INSTRUCTIONS FOR THE TASK: Retype the listing exactly, minus its pictures.

GIVEN DATA:

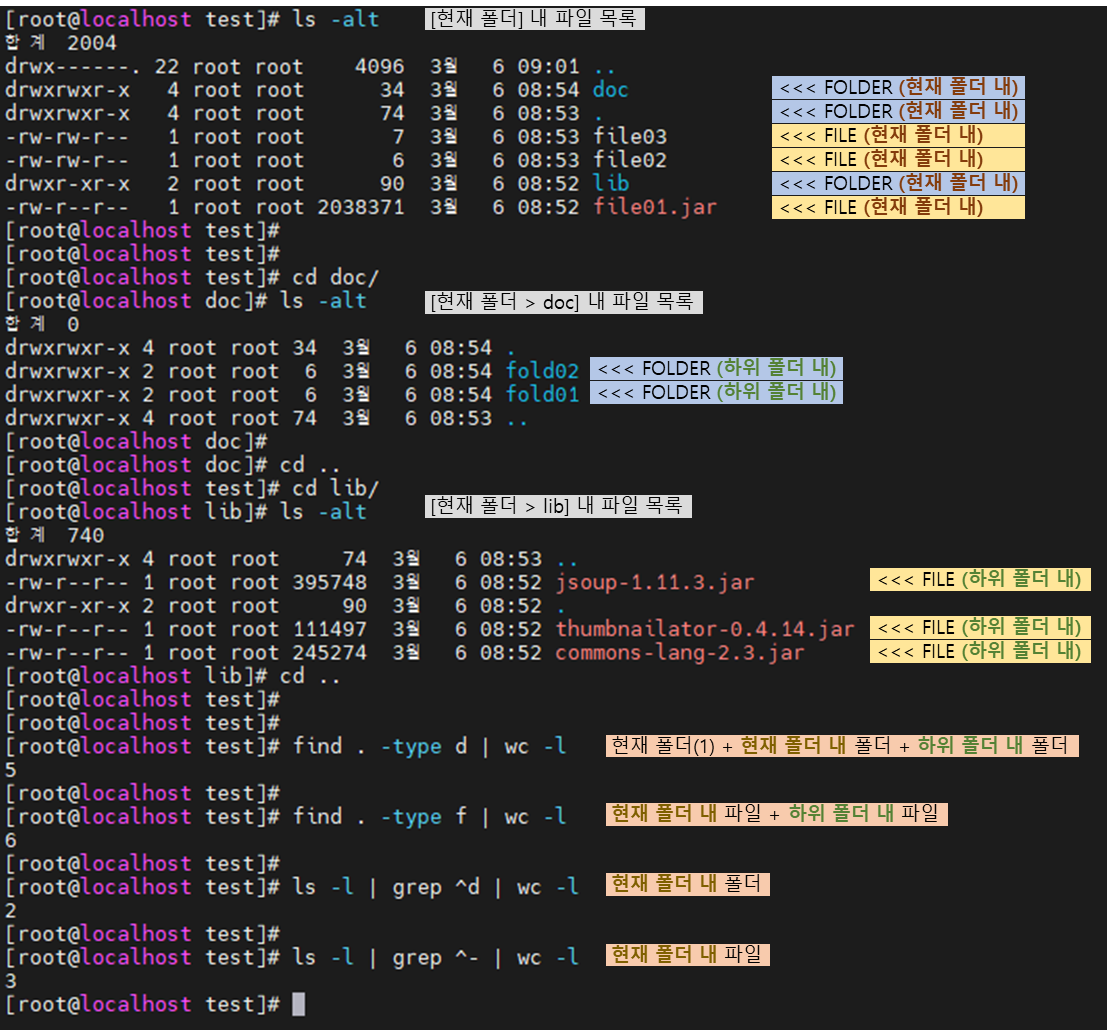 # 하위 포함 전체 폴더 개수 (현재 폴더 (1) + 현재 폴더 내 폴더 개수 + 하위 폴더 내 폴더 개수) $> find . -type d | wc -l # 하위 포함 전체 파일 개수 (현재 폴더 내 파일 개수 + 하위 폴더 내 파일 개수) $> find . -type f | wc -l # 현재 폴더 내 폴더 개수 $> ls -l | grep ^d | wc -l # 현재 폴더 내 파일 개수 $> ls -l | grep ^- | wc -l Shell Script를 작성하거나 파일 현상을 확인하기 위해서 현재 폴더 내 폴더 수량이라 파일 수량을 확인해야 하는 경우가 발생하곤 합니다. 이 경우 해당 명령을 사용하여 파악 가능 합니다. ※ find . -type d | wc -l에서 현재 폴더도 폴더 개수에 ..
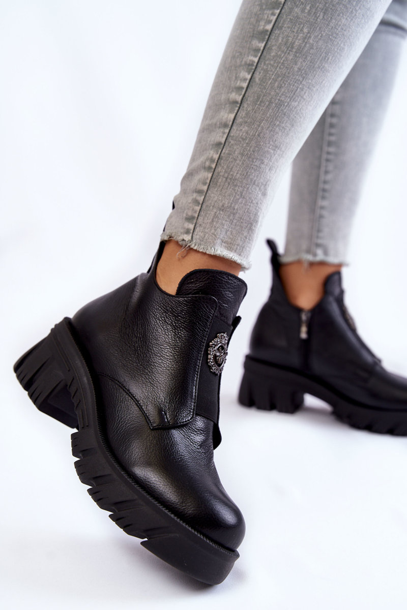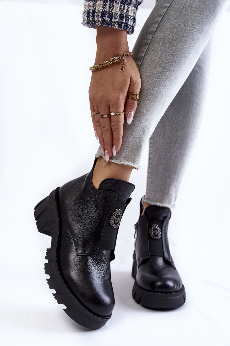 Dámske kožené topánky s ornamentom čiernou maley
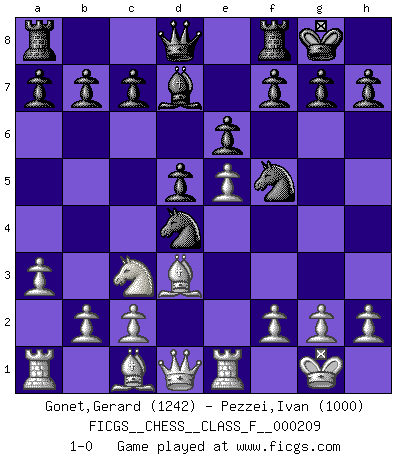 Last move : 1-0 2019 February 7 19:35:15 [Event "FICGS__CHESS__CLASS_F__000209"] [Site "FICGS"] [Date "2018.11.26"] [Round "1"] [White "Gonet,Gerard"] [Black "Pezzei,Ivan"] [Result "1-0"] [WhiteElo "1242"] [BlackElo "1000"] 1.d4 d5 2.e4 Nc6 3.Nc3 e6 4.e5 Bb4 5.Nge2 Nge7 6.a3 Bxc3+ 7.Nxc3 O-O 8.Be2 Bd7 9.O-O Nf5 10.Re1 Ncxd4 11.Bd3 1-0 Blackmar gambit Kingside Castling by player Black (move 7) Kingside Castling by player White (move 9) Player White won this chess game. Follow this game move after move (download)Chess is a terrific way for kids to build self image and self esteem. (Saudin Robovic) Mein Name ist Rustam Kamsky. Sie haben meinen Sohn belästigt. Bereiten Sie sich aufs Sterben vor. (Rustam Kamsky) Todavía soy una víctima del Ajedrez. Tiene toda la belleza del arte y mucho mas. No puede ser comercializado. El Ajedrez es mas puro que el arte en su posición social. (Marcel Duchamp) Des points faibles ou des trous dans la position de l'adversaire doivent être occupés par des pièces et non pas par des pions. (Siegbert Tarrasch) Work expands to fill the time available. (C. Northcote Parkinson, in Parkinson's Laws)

TASK SOLUTION:
 # 하위 포함 전체 폴더 개수 (현재 폴더 (1) + 현재 폴더 내 폴더 개수 + 하위 폴더 내 폴더 개수) $> find . -type d | wc -l # 하위 포함 전체 파일 개수 (현재 폴더 내 파일 개수 + 하위 폴더 내 파일 개수) $> find . -type f | wc -l # 현재 폴더 내 폴더 개수 $> ls -l | grep ^d | wc -l # 현재 폴더 내 파일 개수 $> ls -l | grep ^- | wc -l Shell Script를 작성하거나 파일 현상을 확인하기 위해서 현재 폴더 내 폴더 수량이라 파일 수량을 확인해야 하는 경우가 발생하곤 합니다. 이 경우 해당 명령을 사용하여 파악 가능 합니다. ※ find . -type d | wc -l에서 현재 폴더도 폴더 개수에 ..
 Dámske kožené topánky s ornamentom čiernou maley
 Last move : 1-0 2019 February 7 19:35:15 [Event "FICGS__CHESS__CLASS_F__000209"] [Site "FICGS"] [Date "2018.11.26"] [Round "1"] [White "Gonet,Gerard"] [Black "Pezzei,Ivan"] [Result "1-0"] [WhiteElo "1242"] [BlackElo "1000"] 1.d4 d5 2.e4 Nc6 3.Nc3 e6 4.e5 Bb4 5.Nge2 Nge7 6.a3 Bxc3+ 7.Nxc3 O-O 8.Be2 Bd7 9.O-O Nf5 10.Re1 Ncxd4 11.Bd3 1-0 Blackmar gambit Kingside Castling by player Black (move 7) Kingside Castling by player White (move 9) Player White won this chess game. Follow this game move after move (download)Chess is a terrific way for kids to build self image and self esteem. (Saudin Robovic) Mein Name ist Rustam Kamsky. Sie haben meinen Sohn belästigt. Bereiten Sie sich aufs Sterben vor. (Rustam Kamsky) Todavía soy una víctima del Ajedrez. Tiene toda la belleza del arte y mucho mas. No puede ser comercializado. El Ajedrez es mas puro que el arte en su posición social. (Marcel Duchamp) Des points faibles ou des trous dans la position de l'adversaire doivent être occupés par des pièces et non pas par des pions. (Siegbert Tarrasch) Work expands to fill the time available. (C. Northcote Parkinson, in Parkinson's Laws)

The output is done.